Because of the way white rice is made, it is lower in certain nutrients, like fiber and magnesium, compared to brown rice. Brown rice is a whole grain, while white rice is parts of the grain, which leads to fewer nutrients. But even though brown rice contains more nutrients, white rice does also contain some healthy nutrients, according to this article from 2016 in the Journal of Nutritional Science and Vitaminology.

If you choose white rice over whole grain, consider cooling it prior to eating it in order to blunt its impact on blood sugar. And pair white rice with nutrient-rich whole foods. Or alternate white rice with other whole grain options, including brown and wild rice, quinoa, oats, and millet.

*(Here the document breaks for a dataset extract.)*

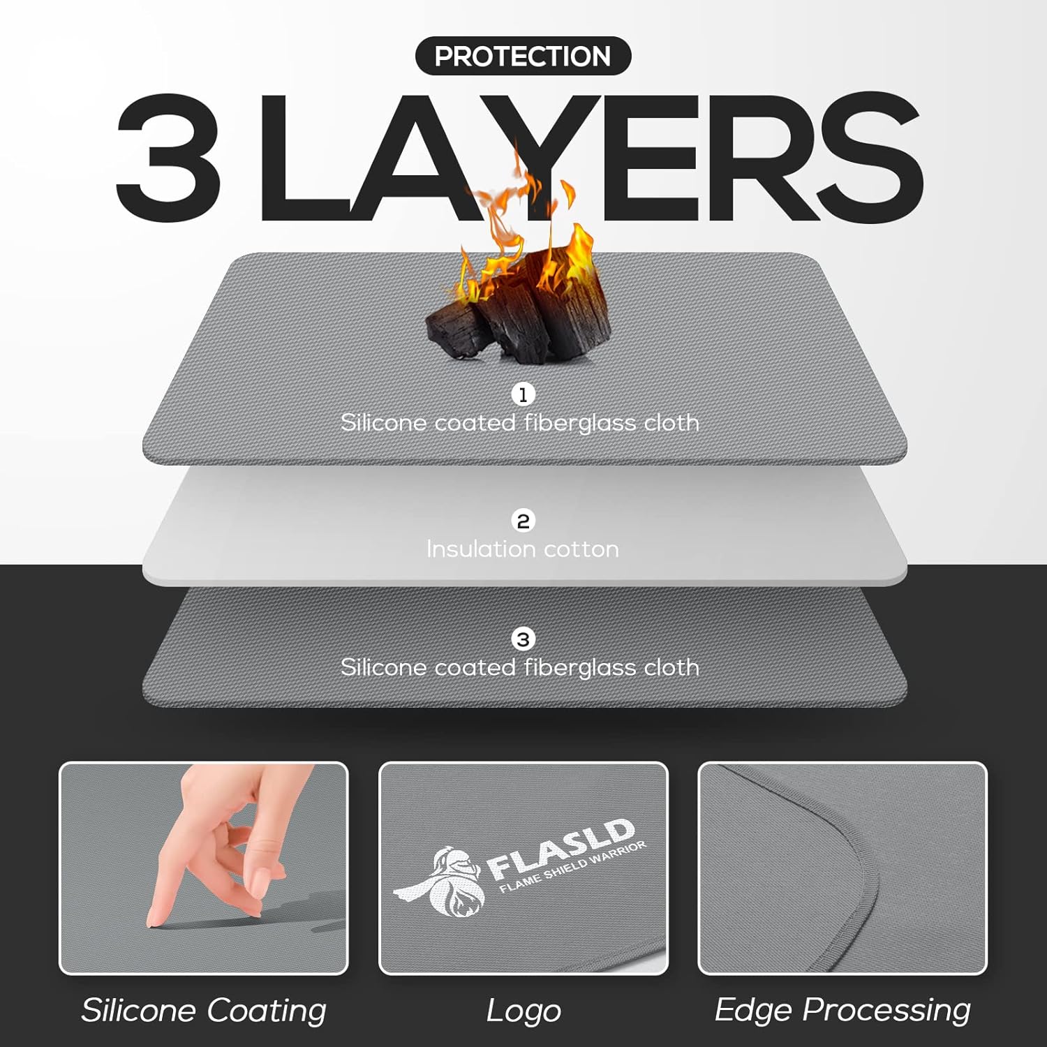 Размеры 100 x 60 см обеспечивают защиту больших площадей. Он отлично подойдет в различных ситуациях — под грилями, каминами или каминами, эффективно защищая полы и газоны от жира и жары.

Keep in mind that no single food makes or breaks the healthfulness of your overall eating pattern, and white rice is an important staple in many cultures.

And remember, rice can be incorporated into nearly any meal and used in both savory and sweet dishes. Add rice to a breakfast scramble, along with eggs or plant-based egg substitutes, veggies, and herbs. Enjoy a grain bowl with rice, veggies, and lean protein; add it to stir-fries, soups, and veggie chili; or serve as a side dish. Tasty rice treats include rice pudding, mango sticky rice, sweet coconut rice, and even toasted rice ice cream. Rice can also be used in place of oats as a hot or chilled breakfast porridge prepared with plant milk, fruit, nuts or seeds, and spices. There are many ways to enjoy white rice.